Nats Face Rochester In Garden Twin Bill

The Syracuse Nationals face the Rochester Royals and the New York Knicks play the Philadelphia Warriors tonight in a Madison Square Garden doubleheader that could put the Knicks back on top of the Eastern Division of the National Basketball Association. A Syracuse loss coupled with a Knick victory would put the New Yorkers in first place by half a game. Syracuse has won two of three from Rochester, while the Knicks have beaten the Warriors three times in five meetings.

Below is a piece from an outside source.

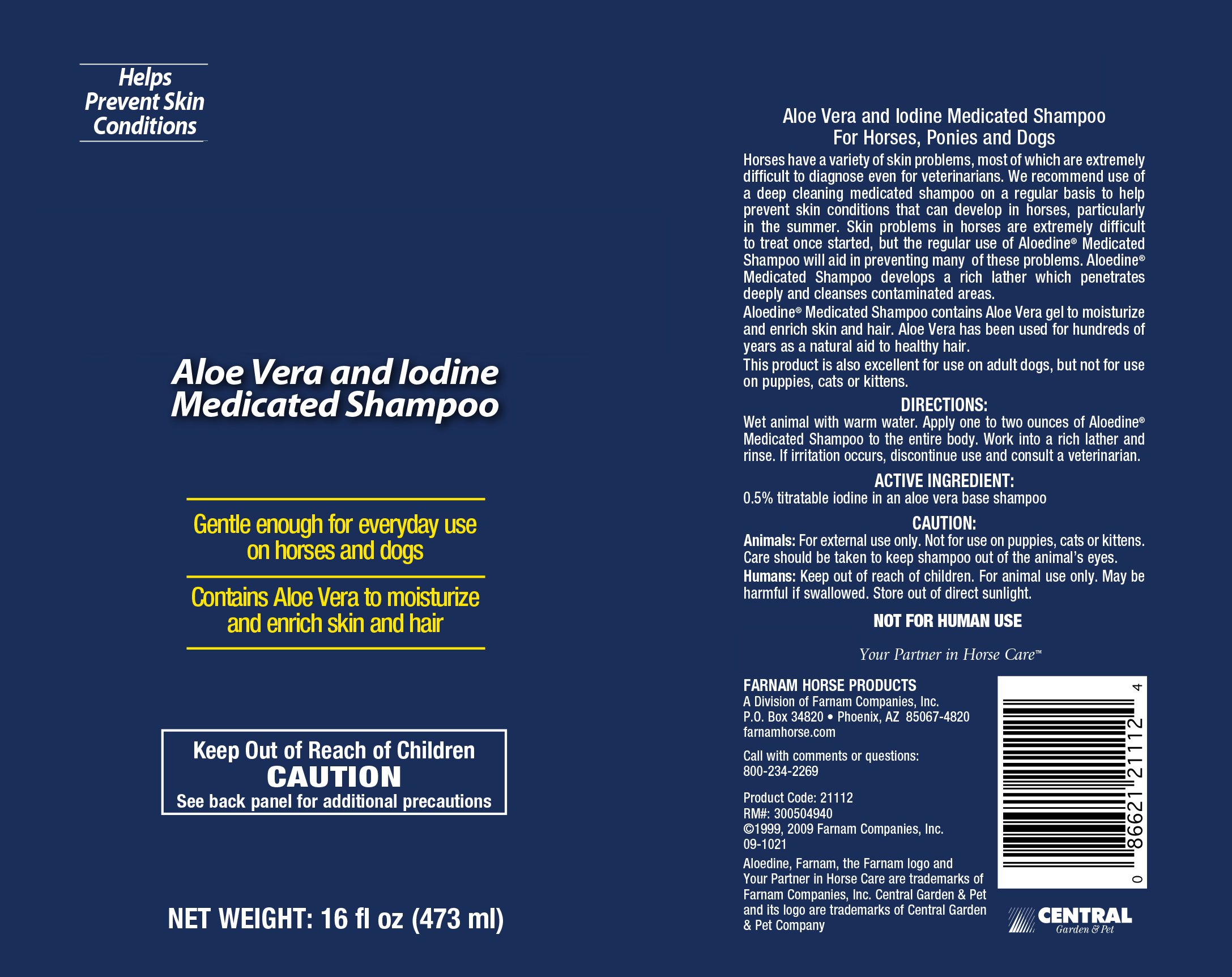 Farnam Medicated Shampoo with Aloe Vera and Iodine | Moisturizing and Gentle | for Horses, Ponies and Dogs | 16 oz

From Highlighting Sports By Jack Slattery

The Nats’ dressing room was a spirited one after their close win over the Knicks. I needled rookie Dick Farley about the fantastic shot he flipped through the hoop that just about sewed up the game for the Nats. Dick wouldn’t give ground, though, and he said, “Knew it was good all the way.” Koppet asked Cervi what he would have done had Carl Braun’s court-length baseball-type throw at the hoop had gone in. Cervi closed his eyes and shuddered. The Nats tied the score with three seconds to go on a wonderful tap-in play by Earl Lloyd. Braun took a pass from under the hoop and threw the ball all the way down the court. It hit the backboard squarely over the hoop and missed going into the basket by the narrowest of margins. The game-ending horn sounded as the ball was in flight. Cervi couldn’t have helped having a heart attack if that one dropped in.